• _DIRECTIONS FOR THIS TASK_
From the listing below, give again exactly the lines from the line with "Our sunny condo" to the line with "Ze začátku se", ends included, without any pictures.

• _DATA TO PROCESS_
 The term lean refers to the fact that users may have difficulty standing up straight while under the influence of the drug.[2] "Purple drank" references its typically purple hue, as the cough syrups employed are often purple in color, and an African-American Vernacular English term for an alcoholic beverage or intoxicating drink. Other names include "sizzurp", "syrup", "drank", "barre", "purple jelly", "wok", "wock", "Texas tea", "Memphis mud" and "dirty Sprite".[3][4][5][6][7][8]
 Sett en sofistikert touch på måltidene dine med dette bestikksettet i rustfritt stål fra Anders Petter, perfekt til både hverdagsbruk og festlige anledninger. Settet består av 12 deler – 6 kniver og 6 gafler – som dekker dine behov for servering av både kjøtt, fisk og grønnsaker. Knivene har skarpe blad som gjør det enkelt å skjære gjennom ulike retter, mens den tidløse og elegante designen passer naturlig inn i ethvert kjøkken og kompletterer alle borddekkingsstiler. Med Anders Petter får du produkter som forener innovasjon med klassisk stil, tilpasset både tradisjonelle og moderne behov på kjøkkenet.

* * *

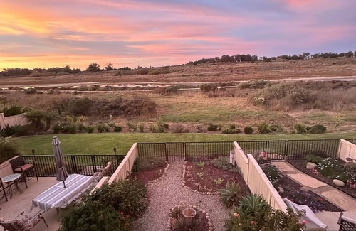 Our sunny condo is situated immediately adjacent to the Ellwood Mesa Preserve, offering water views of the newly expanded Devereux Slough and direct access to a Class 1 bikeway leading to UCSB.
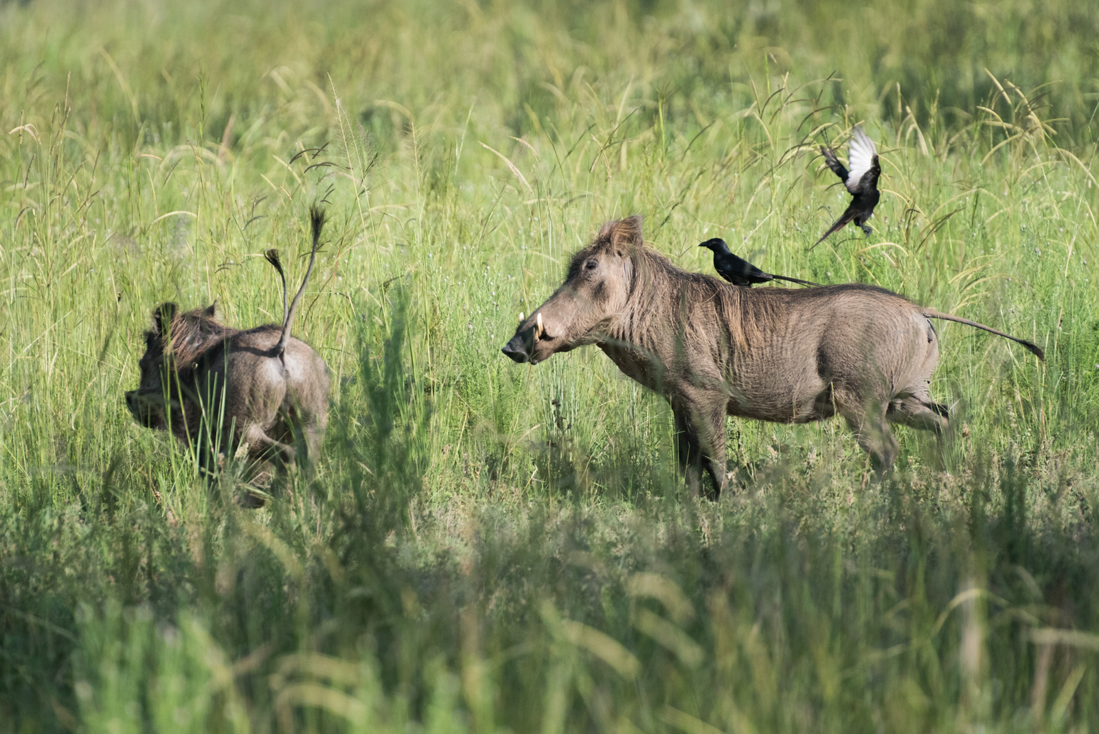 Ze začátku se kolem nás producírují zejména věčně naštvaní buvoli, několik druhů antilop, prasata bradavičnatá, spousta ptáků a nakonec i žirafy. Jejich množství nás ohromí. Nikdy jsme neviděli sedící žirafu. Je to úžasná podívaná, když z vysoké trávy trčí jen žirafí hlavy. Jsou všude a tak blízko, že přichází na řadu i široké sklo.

• _TASK ANSWER_
 Our sunny condo is situated immediately adjacent to the Ellwood Mesa Preserve, offering water views of the newly expanded Devereux Slough and direct access to a Class 1 bikeway leading to UCSB.
 Ze začátku se kolem nás producírují zejména věčně naštvaní buvoli, několik druhů antilop, prasata bradavičnatá, spousta ptáků a nakonec i žirafy. Jejich množství nás ohromí. Nikdy jsme neviděli sedící žirafu. Je to úžasná podívaná, když z vysoké trávy trčí jen žirafí hlavy. Jsou všude a tak blízko, že přichází na řadu i široké sklo.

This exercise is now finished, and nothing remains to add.